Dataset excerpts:
----

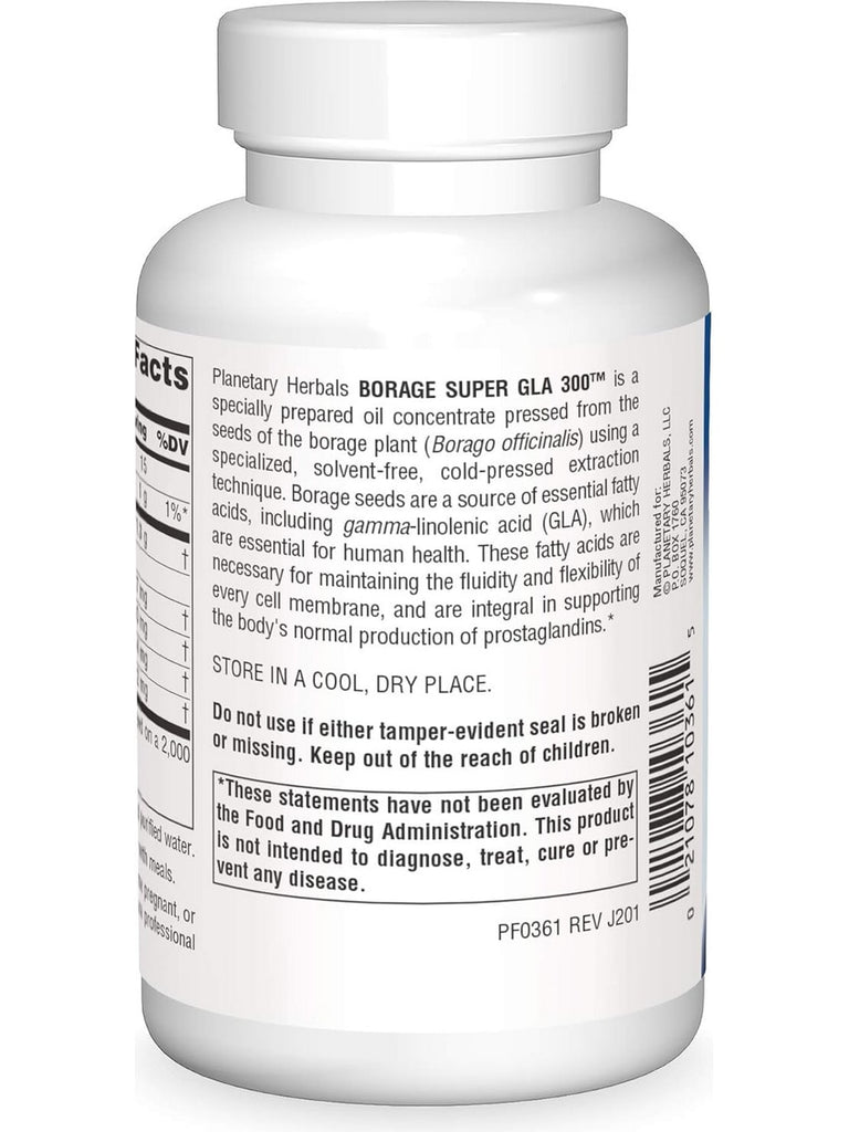 Planetary Herbals Borage Super GLA 300 is a specially prepared oil concentrate pressed from the seeds of the borage plant (Borago officinalis), using a specialized, solvent-free, cold-pressed extraction technique. Borage seeds are a rich source of essential fatty acids, including gamma-linolenic acid (GLA), which are essential for human health. These fatty acids are necessary for maintaining the fluidity and flexibility of every cell membrane, and are integral in supporting the body's normal production of prostaglandins.
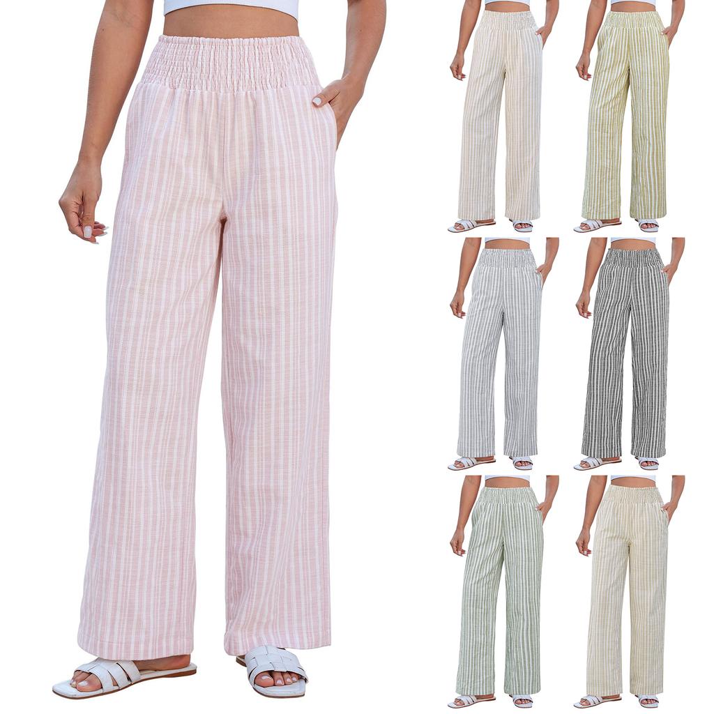 Ladies' Casual And Fashionable High Waist Wide Leg Striped Linen Pants
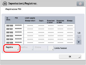 Non è possibile registrare un ID di divisione o un PIN costituiti esclusivamente dal numero zero, ad esempio <0> o <00>. Se si imposta un numero che inizia con degli zeri, gli zeri iniziali vengono ignorati. Esempio: se si immette <02> o <002>, viene registrato <0000002>.
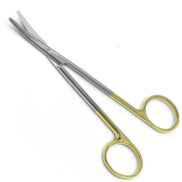 Ножницы по Метценбауму-Лахей, вертикально-изогнутые, твердосплавная вставка из карбида вольфрама, с покрытием ручек карбидом титана (желтого цвета), тупоконечные, 140 мм.
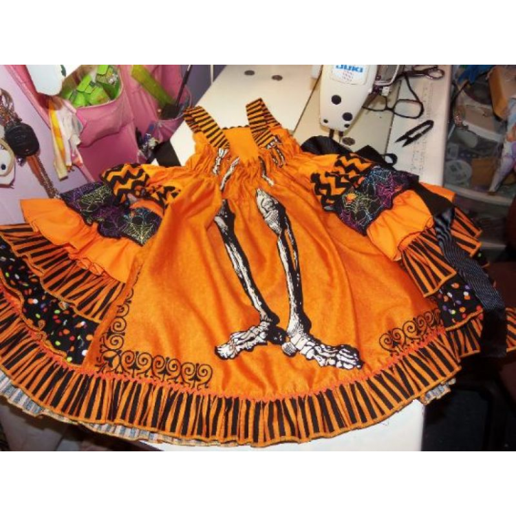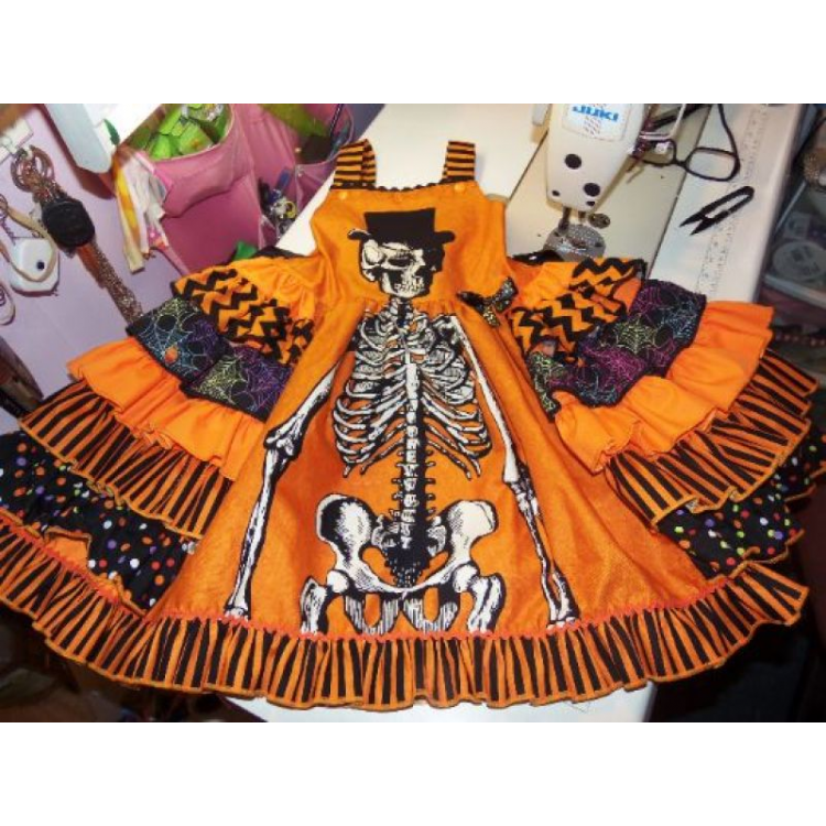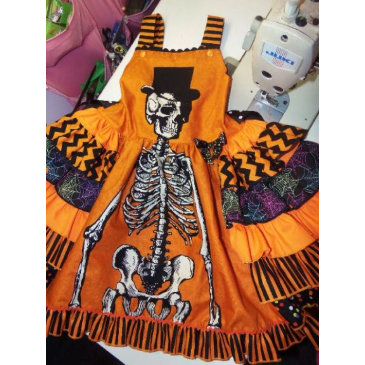 Tags: Halloween, Skeleton, Halloween face, Scary Girl, Dress, Size 5t, 26in length
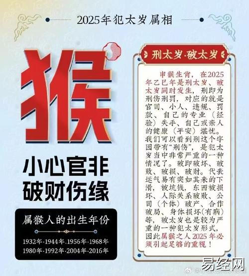 易经网推荐2025最新今天属猴的是否犯太岁 属猴的冲太岁怎么破解是什么意思?,最新生肖运势,下面是详细内容: 2024年为甲辰龙年,生肖运势起伏不定,尤其是在传统命理学中,“犯太岁”一说备受关注。那么...
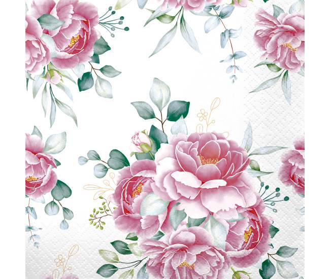 Салфетки PERO PRESTIGE "Розовый букет" 33*33 3 слоя 20 лист *12 3972
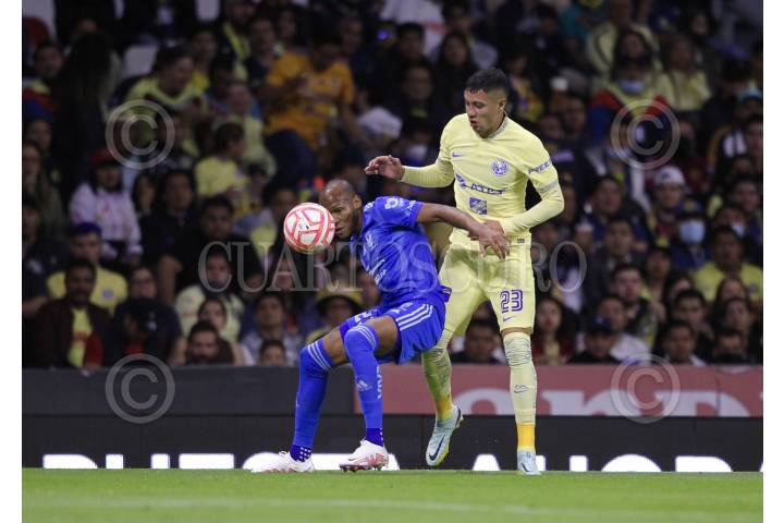 Luis Quiñones de Tigres disputa una pelota con Emilio Lara de las Águilas durante el partido de fútbol América vs Tigres correspondiente a la jornada 12 del Torneo Apertura 2022 de Liga BBVA MX, en el estadio Azteca.
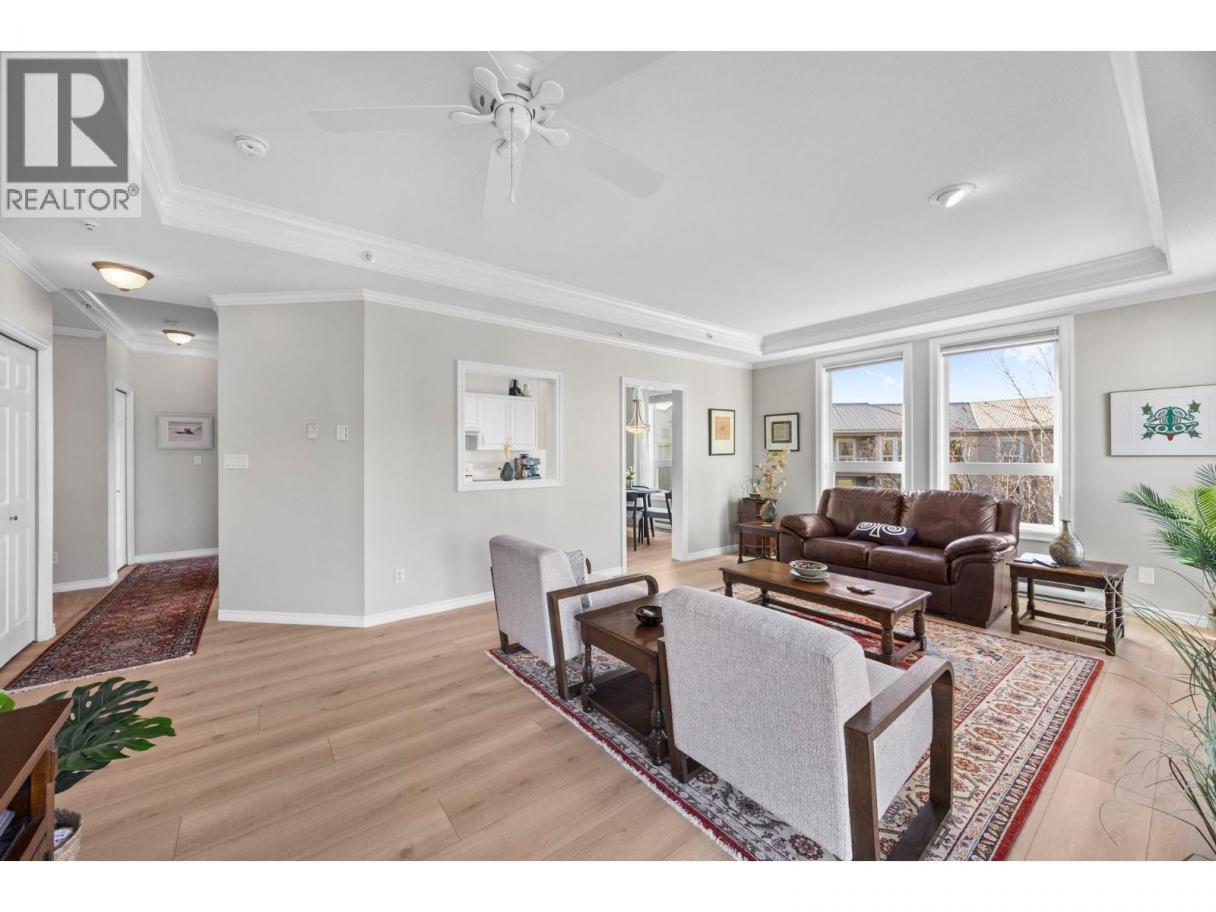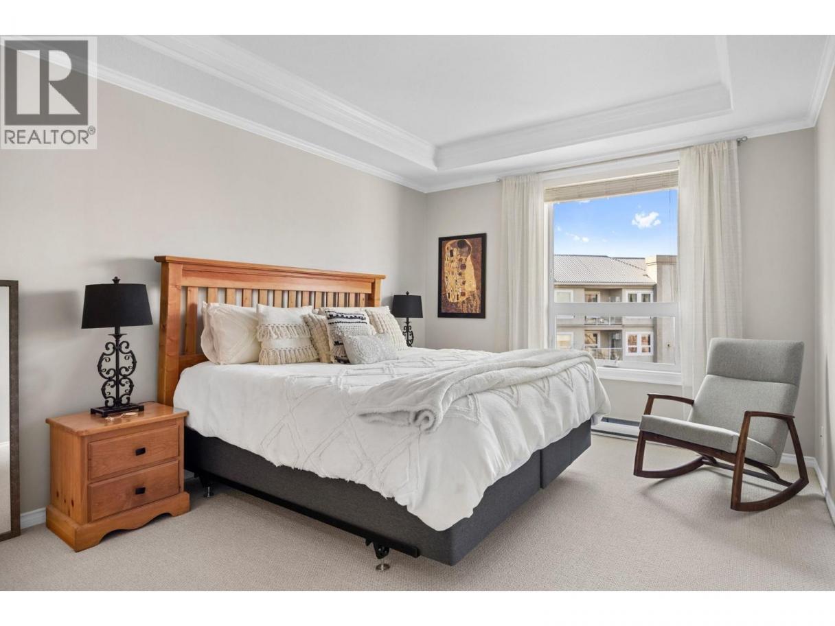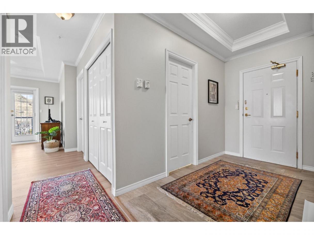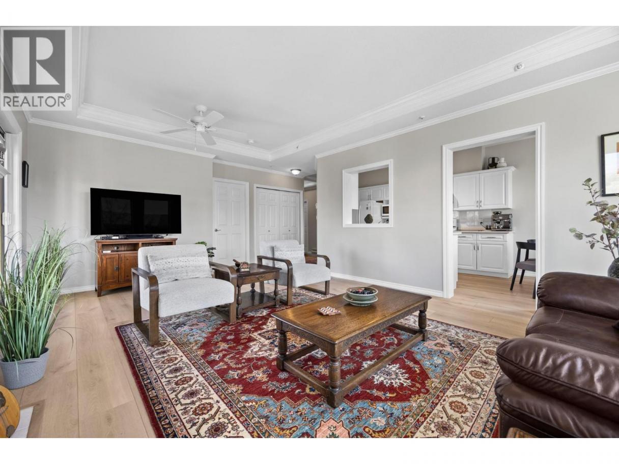 Welcome to this beautifully appointed, 2-bed, 2-bath home in the highly desirable 55+ community of Regency Court. Recently renovated and meticulously maintained, this immaculate condo features brand-new flooring throughout, 9 ft ceilings, elegant crown moulding in the living room, and a stylishly updated kitchen complete with sparkling white Samsung appliances. The functional floor plan offers excellent privacy with bedrooms on opposite sides of the unit. Located on the 4th-floor corner, this home boasts a private balcony and floor-to-ceiling windows that fill the space with natural light. The inviting living room includes a cozy natural gas fireplace, perfect for relaxing evenings. The spacious primary bedroom features his-and-hers walk-through closets leading to a 4-piece ensuite. Residents of Regency Court enjoy exceptional amenities, including a large common room with a full kitchen, tables, chairs, and a BBQ area for gatherings, a pool table room, an exercise room, a community library, secured underground parking, and a storage locker. Ideally situated next to downtown Vernon, you’re within walking distance to FreshCo, Shoppers Drug Mart, Nature’s Fare, parks, transit, and essential services. Nothing to do but move in and enjoy! (id:6769)

----

Every entry must be written out exactly, with all pictures left out.

## [Problem solution]
 Planetary Herbals Borage Super GLA 300 is a specially prepared oil concentrate pressed from the seeds of the borage plant (Borago officinalis), using a specialized, solvent-free, cold-pressed extraction technique. Borage seeds are a rich source of essential fatty acids, including gamma-linolenic acid (GLA), which are essential for human health. These fatty acids are necessary for maintaining the fluidity and flexibility of every cell membrane, and are integral in supporting the body's normal production of prostaglandins.
 Ladies' Casual And Fashionable High Waist Wide Leg Striped Linen Pants
 Non è possibile registrare un ID di divisione o un PIN costituiti esclusivamente dal numero zero, ad esempio <0> o <00>. Se si imposta un numero che inizia con degli zeri, gli zeri iniziali vengono ignorati. Esempio: se si immette <02> o <002>, viene registrato <0000002>.
 Ножницы по Метценбауму-Лахей, вертикально-изогнутые, твердосплавная вставка из карбида вольфрама, с покрытием ручек карбидом титана (желтого цвета), тупоконечные, 140 мм.
 Tags: Halloween, Skeleton, Halloween face, Scary Girl, Dress, Size 5t, 26in length
 易经网推荐2025最新今天属猴的是否犯太岁 属猴的冲太岁怎么破解是什么意思?,最新生肖运势,下面是详细内容: 2024年为甲辰龙年,生肖运势起伏不定,尤其是在传统命理学中,“犯太岁”一说备受关注。那么...
 Салфетки PERO PRESTIGE "Розовый букет" 33*33 3 слоя 20 лист *12 3972
 Luis Quiñones de Tigres disputa una pelota con Emilio Lara de las Águilas durante el partido de fútbol América vs Tigres correspondiente a la jornada 12 del Torneo Apertura 2022 de Liga BBVA MX, en el estadio Azteca.
 Welcome to this beautifully appointed, 2-bed, 2-bath home in the highly desirable 55+ community of Regency Court. Recently renovated and meticulously maintained, this immaculate condo features brand-new flooring throughout, 9 ft ceilings, elegant crown moulding in the living room, and a stylishly updated kitchen complete with sparkling white Samsung appliances. The functional floor plan offers excellent privacy with bedrooms on opposite sides of the unit. Located on the 4th-floor corner, this home boasts a private balcony and floor-to-ceiling windows that fill the space with natural light. The inviting living room includes a cozy natural gas fireplace, perfect for relaxing evenings. The spacious primary bedroom features his-and-hers walk-through closets leading to a 4-piece ensuite. Residents of Regency Court enjoy exceptional amenities, including a large common room with a full kitchen, tables, chairs, and a BBQ area for gatherings, a pool table room, an exercise room, a community library, secured underground parking, and a storage locker. Ideally situated next to downtown Vernon, you’re within walking distance to FreshCo, Shoppers Drug Mart, Nature’s Fare, parks, transit, and essential services. Nothing to do but move in and enjoy! (id:6769)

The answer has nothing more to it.